It is certainly a favorable ground for Brotli. Brotli claims an advantage in
html compression, thanks to its integrated specialized dictionary. The real pb
though is the suggested conclusion that these favorable results are broadly
applicable everywhere else. That's a terrible suggestion. We need more
examples, not just "html files" which happen to be Brotli's best case.

> brotli 0.4.0 -11 compresses to 25413 bytes > zstd 0.7.1 -22 compresses in
> 4.01 MB/s to 28363 bytes

Why you don't disclose the compression time of brotli ? Of course it does
matter : everyone understand that an algorithm that spend 10x more cpu has the
budget to compress more.

> brotli 0.4.0 -0 compresses 783 MB/s and decompresses 809 MB/s > zstd 0.7.1
> -1 compresses 586 MB/s and decompresses 1691 MB/s

Here, you don't disclose the compression ratio of both algorithm, implying
they are equal. By such standard, LZ4 is probably the best : it's so much
faster ! Of course, they do not compress the same...

I was initially thrilled at your detailed answer, but now, quite frankly, I
feel cheated. Grossly so.

This is really disappointing. I was so much vexed that I decided to run the
tests myself.

Downloading and using __the same html file__, the same lzbench, same library
versions, just a different computer and compiler, here is what it produced :

| Algo | compressed size | compression speed | decompression speed | |
--------- | --------------- | ----------------- | ------------------- | |
brotli -2 | 36223 | 220 MB/s | 670 MB/s | | zstd -1 | 36655 | 480 MB/ | 1400
MB/s | | brotli -1 | 38292 | 360 MB/s | 650 MB/s | | brotli -0 | 41141 | 560
MB/s | 610 MB/s |

__Conclusion__ : brotli -0 is indeed fast, faster than in my previous tests.
It seems to be tuned to reach this objective, but throw away a lot of
compression ratio to get there.

Consequently, brotli -0 is _not comparable_ to zstd -1, __it takes brotli -2
to produce an equivalent compressed size __. By that time though, zstd is
much, much faster.

Which is exactly the question I'm trying to get answers to : which algorithm
compresses better for a given speed budget ? That's what matters, at least in
our datacenter.

I'm not interested in ultra slow mode, but while at it, I wanted to complete
the picture with the missing compression speed of brotli - 11. It produced :
zstd -22 : 2.95 MB/s brotli -11 : 0.53 MB/s

So that's > 5x difference. It surely helps to reach better compression ratios.
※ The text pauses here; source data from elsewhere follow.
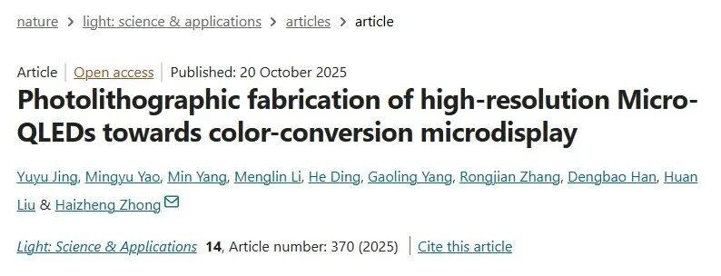 10月20日,一项发表于国际顶尖光学期刊Light: Science & Applications的研究成果,Photolithographic fabrication of high-resolution Micro-QLEDs towards color-conversion Microdisplay,为下一代增强现实(AR)与虚拟现实(VR)设备的显示技术带来了突破性进展。由北京理工大学钟海政教授团队领衔,联合多家科研单位,成功开发出基于光刻工艺的高分辨率全彩色量子点发光二极管(Micro-QLED)微显示屏。该研究不仅实现了目前同类器件中最高的像素密度,还展示出优异的发光效率与亮度,为微显示技术的低成本、大规模制造提供了全新路径。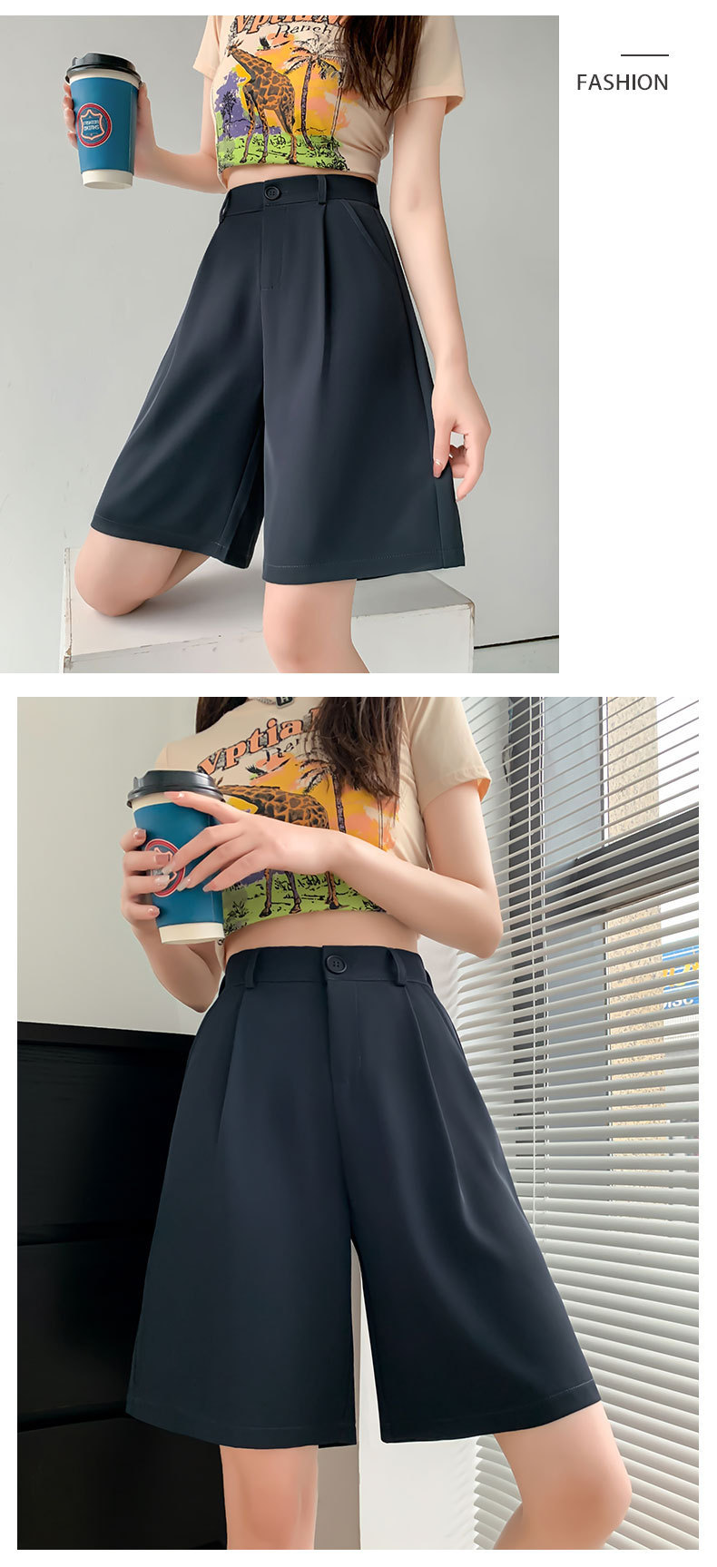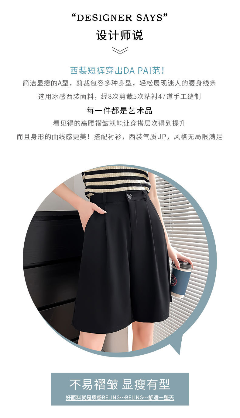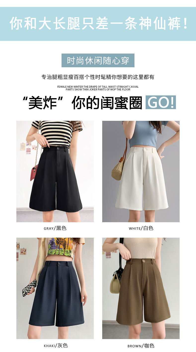 미국식 레트로 세트 반바지 여성 봄과 여름 새로운 하이 웨이스트 슬리밍 A 캐릭터 하이 엔드 센스 캐주얼 5 점 와이드 레그 반바지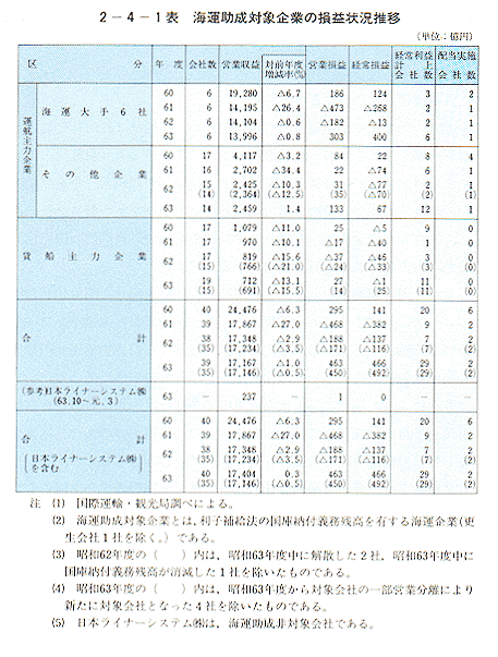 昭和63年度の海運助成対象企業39社の損益状況は、〔2−4−1表〕のとおりであり、海運大手6社が営業損益ベースで182億円の損失から303億円の利益に転じたのをはじめ、39社中29社が経常利益を計上するなど、営業損益ベース、経常損益ベースともに3年ぶりに黒字転換し、長期化した海運不況もようやく底を打った内容となっている。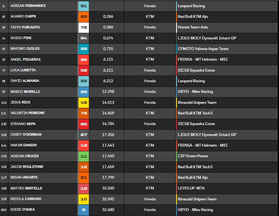 | FP1 | 1’38.919 Daniel Holgado | 1’38.357 Alvaro Carpe |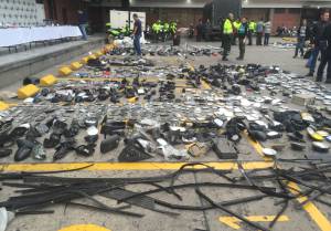 "Este es el segundo eslabón de la cadena, el primero es el delincuente que roba en la calle, acá estas personas analizan el estado del objeto robado y pagan una suma de dinero, la tercera fase es reparar el elemento robado y exhibirlo en la vitrina", manifestó el comandante de la Policía de Bogotá, general Humberto Guatibonza.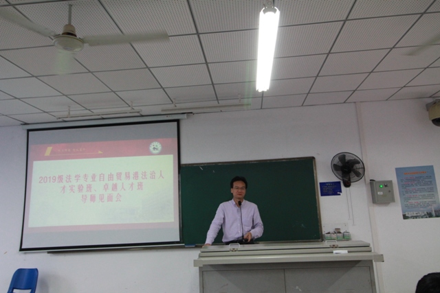 10月29日下午,2019级法学专业自由贸易港法治人才实验班、卓越人才班师生见面会在5-203教室举行,院领导、实验班班主任、卓越班班主任、辅导员、全体指导老师、院办、学工办、团委、教务办负责人、实验班和卓越班全体新生参加了此次会议,会议由刘政副经理(挂职)主持。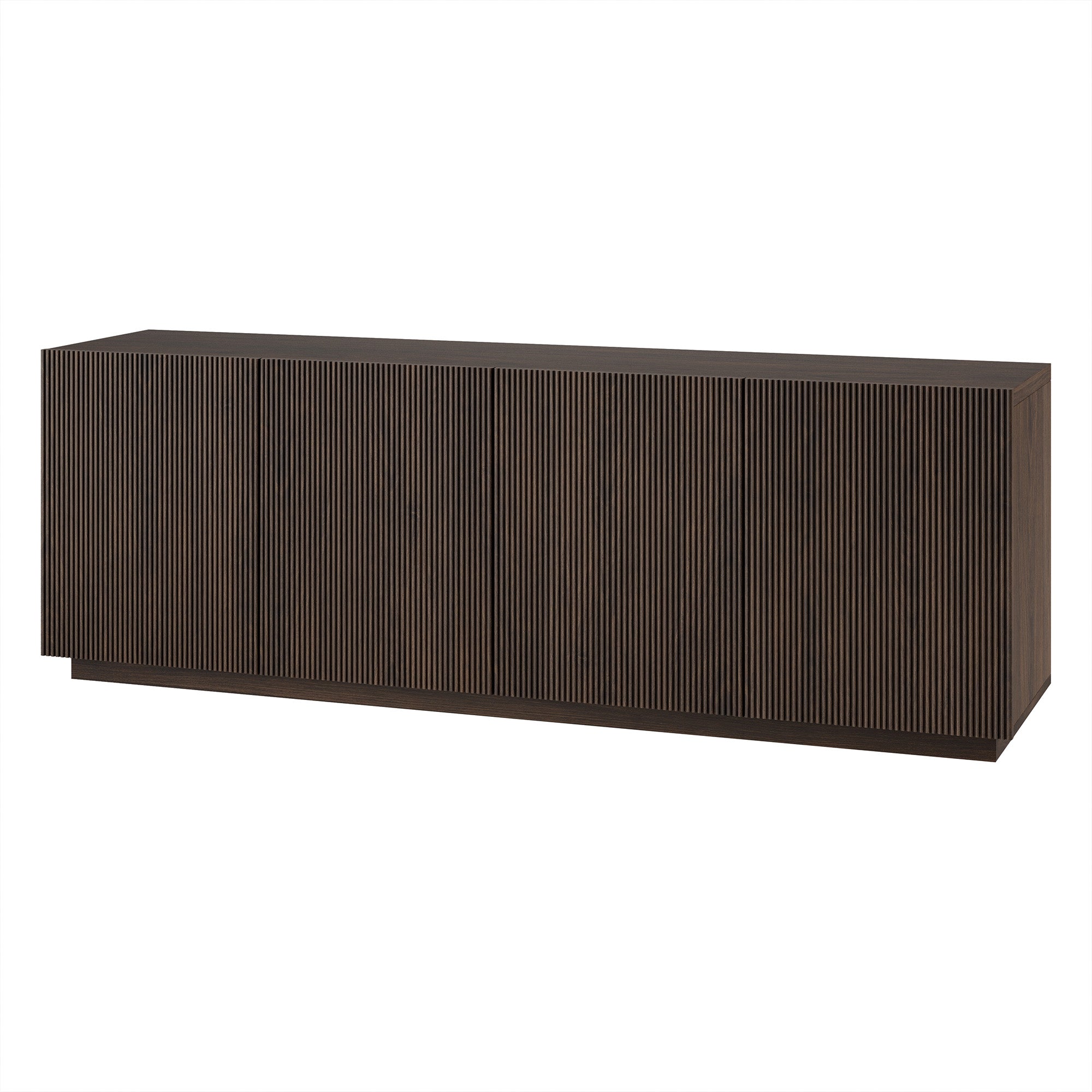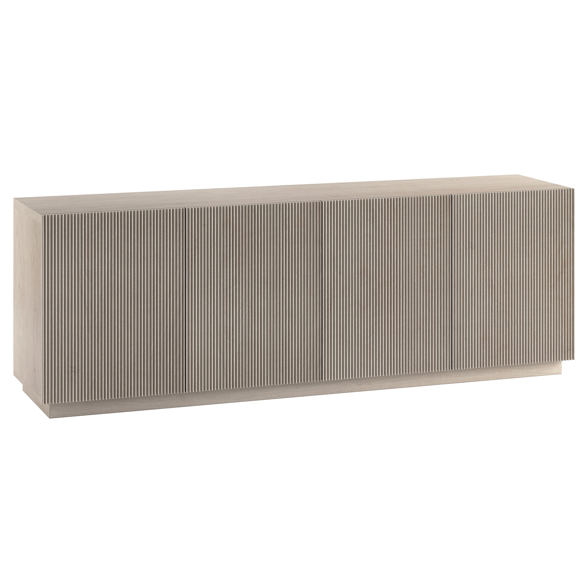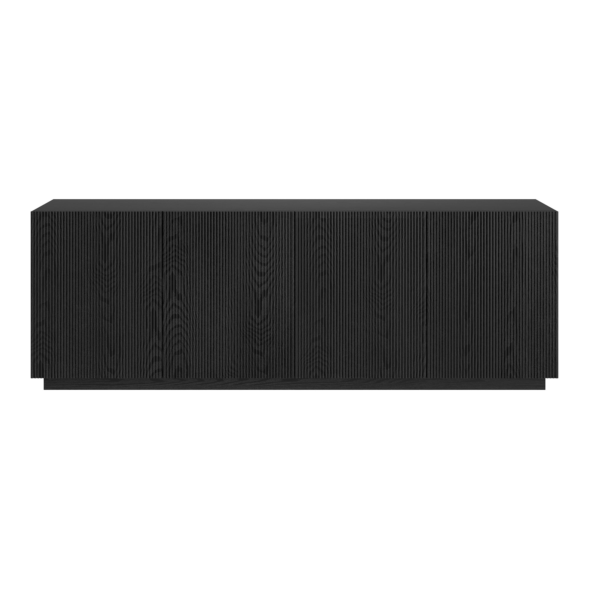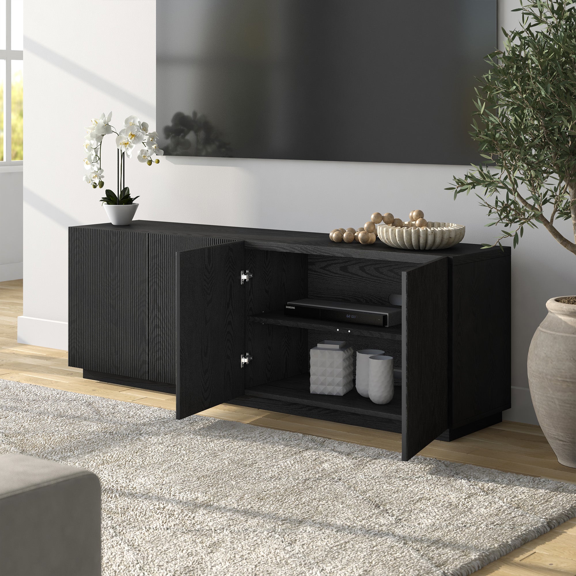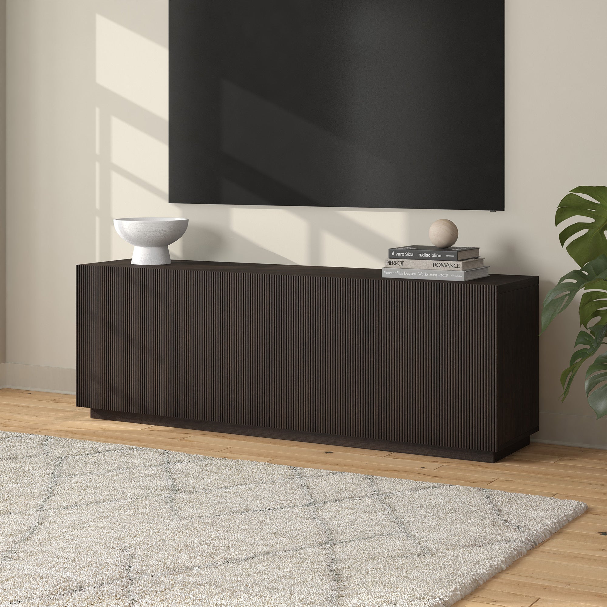 On-trend texture and design combine in this transitional TV stand. With a wood grain finish and textured doors, this piece is sure to be a statement in your living room, den, or game room. The fluted doors from the top edge to the plinth base give the illusion of a seamless transition across the cabinets. Lightly pull on the top or bottom edge to open the doors. The modern contemporary design of the stand features 4 fully enclosed doors with 4 inner shelves, allowing for ample storage for your devices, games, books, and more.

I also wanted an answer to "by how much the dictionary helps ?".

Fortunately, TurboBench can help, thanks to a special mode which turns off
dictionary compression. By using it on the very same sample, brotli -11
compressed size increases from 25413 to 26639 bytes. 5% larger, clearly not
negligible. Still good, but it cuts the advertised size difference in half.

Anyway, clearly I feel disappointed to have to redo the tests myself, because
some inconvenient results were intentionally undisclosed (or not produced).
This really undermines my trust in future publications.

That learned me something : trust only benchmark done by yourself. And now, I
should probably benchmark even more ...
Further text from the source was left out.